Work to complete: Using the records below, write out only the lines from the line containing "garden open black" up to and including the line containing "7-in-1 Dreh-Kugelschreiber in", exactly, with no pictures.
(Entries shown)
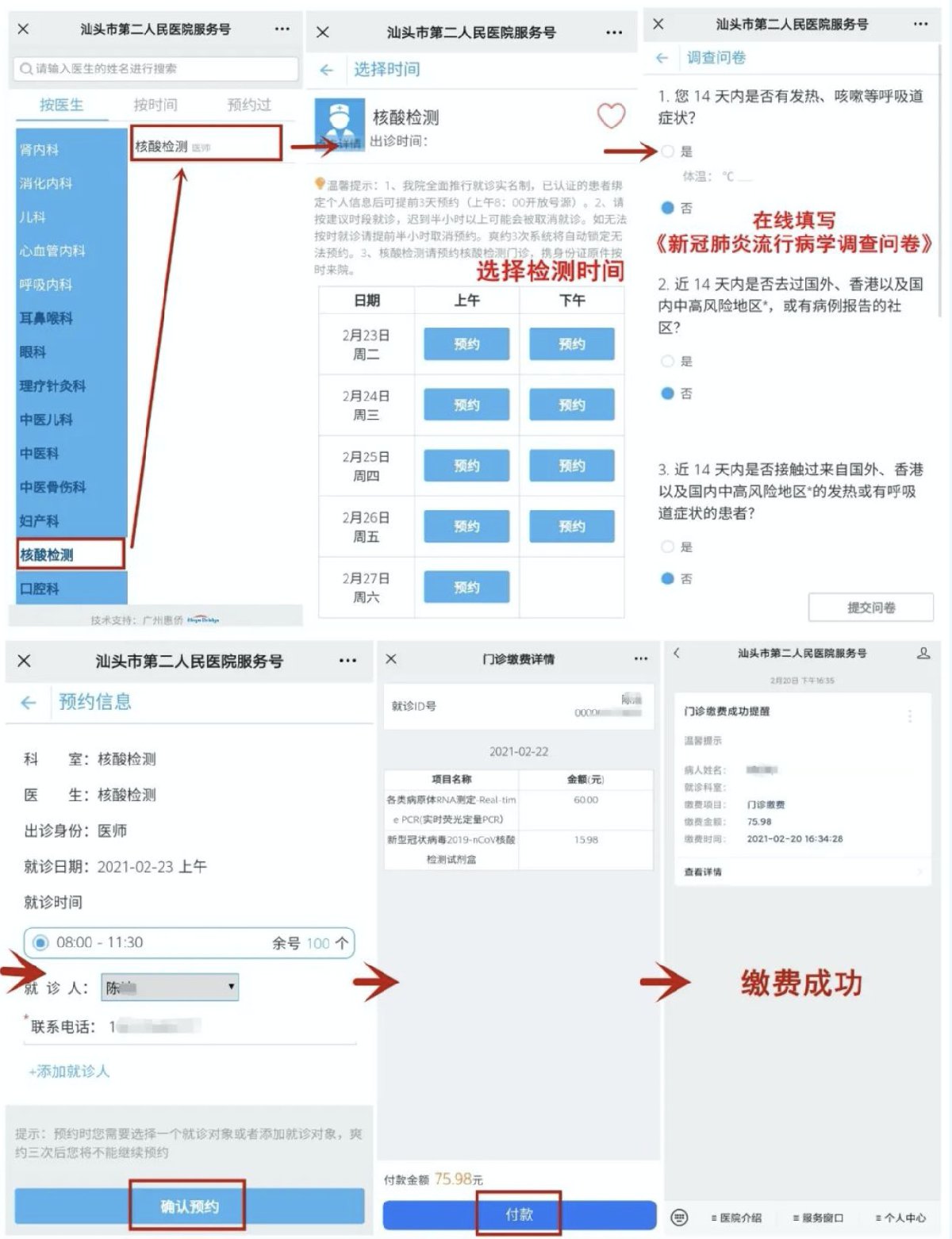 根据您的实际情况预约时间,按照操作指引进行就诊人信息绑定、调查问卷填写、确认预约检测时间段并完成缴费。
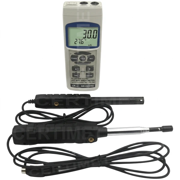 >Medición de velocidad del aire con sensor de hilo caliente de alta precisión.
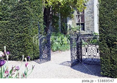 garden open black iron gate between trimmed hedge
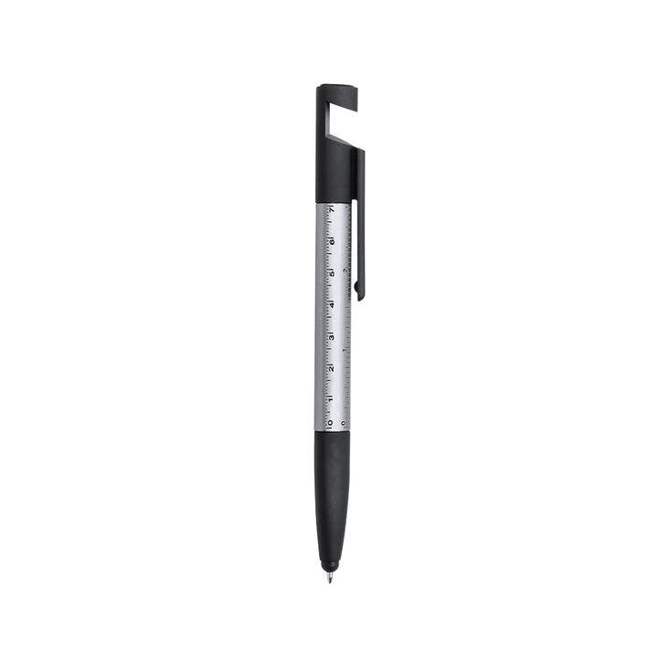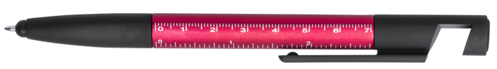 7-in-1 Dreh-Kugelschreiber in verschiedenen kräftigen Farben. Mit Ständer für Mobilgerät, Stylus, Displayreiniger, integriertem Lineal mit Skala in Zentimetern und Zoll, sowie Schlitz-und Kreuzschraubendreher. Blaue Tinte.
(End Entries shown)
(Entries shown)
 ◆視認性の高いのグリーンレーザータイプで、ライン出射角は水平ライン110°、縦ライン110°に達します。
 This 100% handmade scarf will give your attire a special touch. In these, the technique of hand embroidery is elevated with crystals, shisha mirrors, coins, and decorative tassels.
(End Entries shown)
Task answer:
 garden open black iron gate between trimmed hedge
 7-in-1 Dreh-Kugelschreiber in verschiedenen kräftigen Farben. Mit Ständer für Mobilgerät, Stylus, Displayreiniger, integriertem Lineal mit Skala in Zentimetern und Zoll, sowie Schlitz-und Kreuzschraubendreher. Blaue Tinte.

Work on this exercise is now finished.